The Carinthian Astronomical Association (CAA – German: Astronomische Vereinigung Kärntens, AVK) Is the second great astronomical association in Austria. The CAA owns two observatories and one planetarium. One observatory is located near Klagenfurt, on the Kreuzbergl, the other on the Gerlitze, near Villach. The planetarium is situated at Klagenfurt near Minimundus.

== History ==
In 1961 the maths teacher Helmut Lenhof from Klagenfurt arranged a trip to the solar eclipse in the Apennine Mountains. Some of the participants became the core of the CAA.

Still in the same year on 17 June the "Vereinigung der Sternfreunde" was founded. One of its objectives was to build a public observatory.

The city of Klagenfurt provided the old tower on the Kreuzbergl, which was built in 1895 for the visit of Kaiser Franz Josef I, to transform it in an observatory. Proximately it was revealed that another group of amateur astronomers from the Highschool of Klagenfurt has had also the idea to build an observatory. As a result, these two groups were united.
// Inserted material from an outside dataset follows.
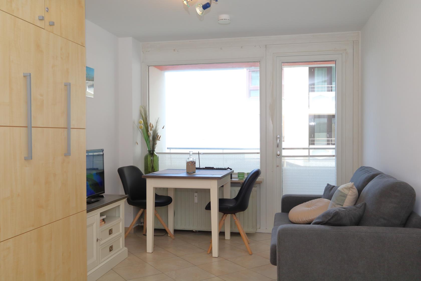 Das Appartement ist ausgestattet mit u.a. einem Schrankbett und Westbalkon, Küchenzeile im Flur und ein Badezimmer mit Dusche.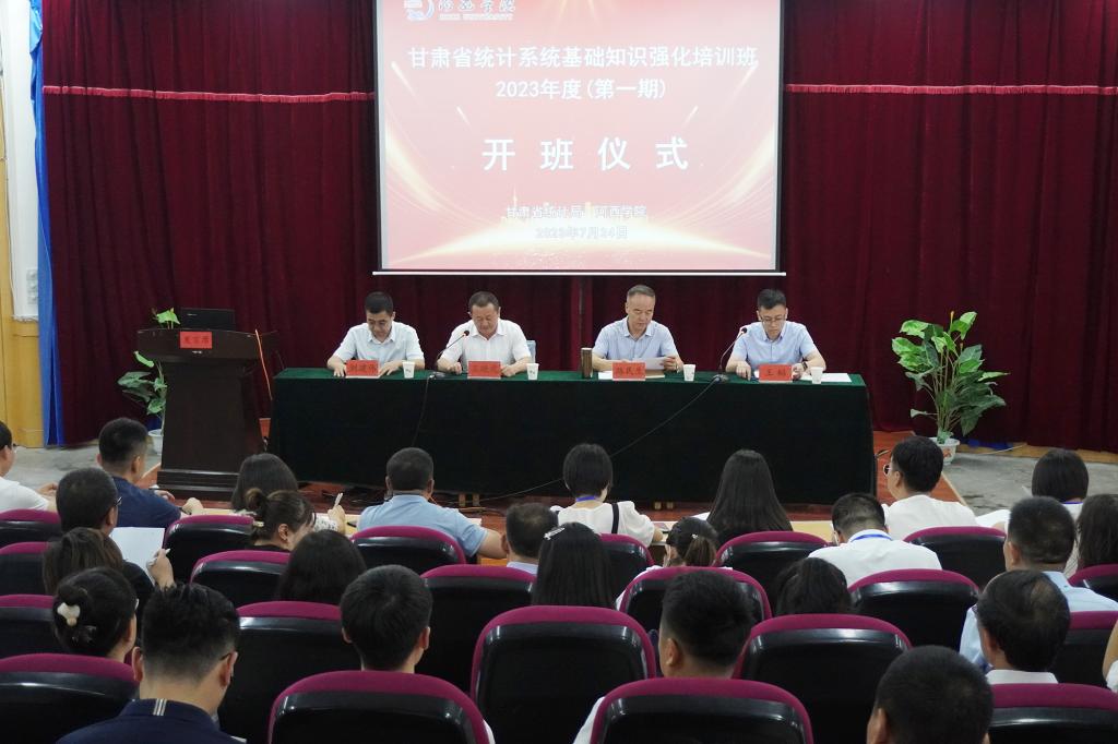 7月24日,学校承担的2023年度甘肃省统计系统基础知识强化培训班第一期开班。甘肃省统计局二级巡视员路民生,甘肃省统计局培训中心副主任王韬,张掖市统计局党组成员 、副局长刘建伟,学校继续教育学院负责人,培训班主任和培训学员共110人参加了开班仪式。

To construct and fund the observatory the "Verein zu Errichtung einer Volkssternwarte am Kreuzbergl" was founded. This association was dissolved after the inauguration in September 1965 and the observatory became property of the "Vereinigung der Sternfreunde".

The university of Graz lend the CAA a refracting telescope with an aperture of 134mm and a focal length of 2000mm. This telescope was replaced by another refracting telescope from the company Wachter.

Eight years later the CAA got the chance to make observations from the Gerlitzen. In 1997 the observatory was modernized, and the old telescope was replaced by a Ritchey-Chrétien telescope. Today this telescope is also used for astrophotography.

== The planetarium ==
In the same year of the modernization of the Gerlitzen observatory, the planetarium was inaugurated too. Already after the construction of the Kreuzbergl observatory the CAA wanted to have a planetarium. Therefore, the city of Klagenfurt provided an estate near the city at the Wörthersee. The entire construction cost about €900,000 ($1,300,000) and was supported by donors.

Nowadays the planetarium works together with Minimundus and offers nearly 2.000 presentations a year with about 40.000 visitors.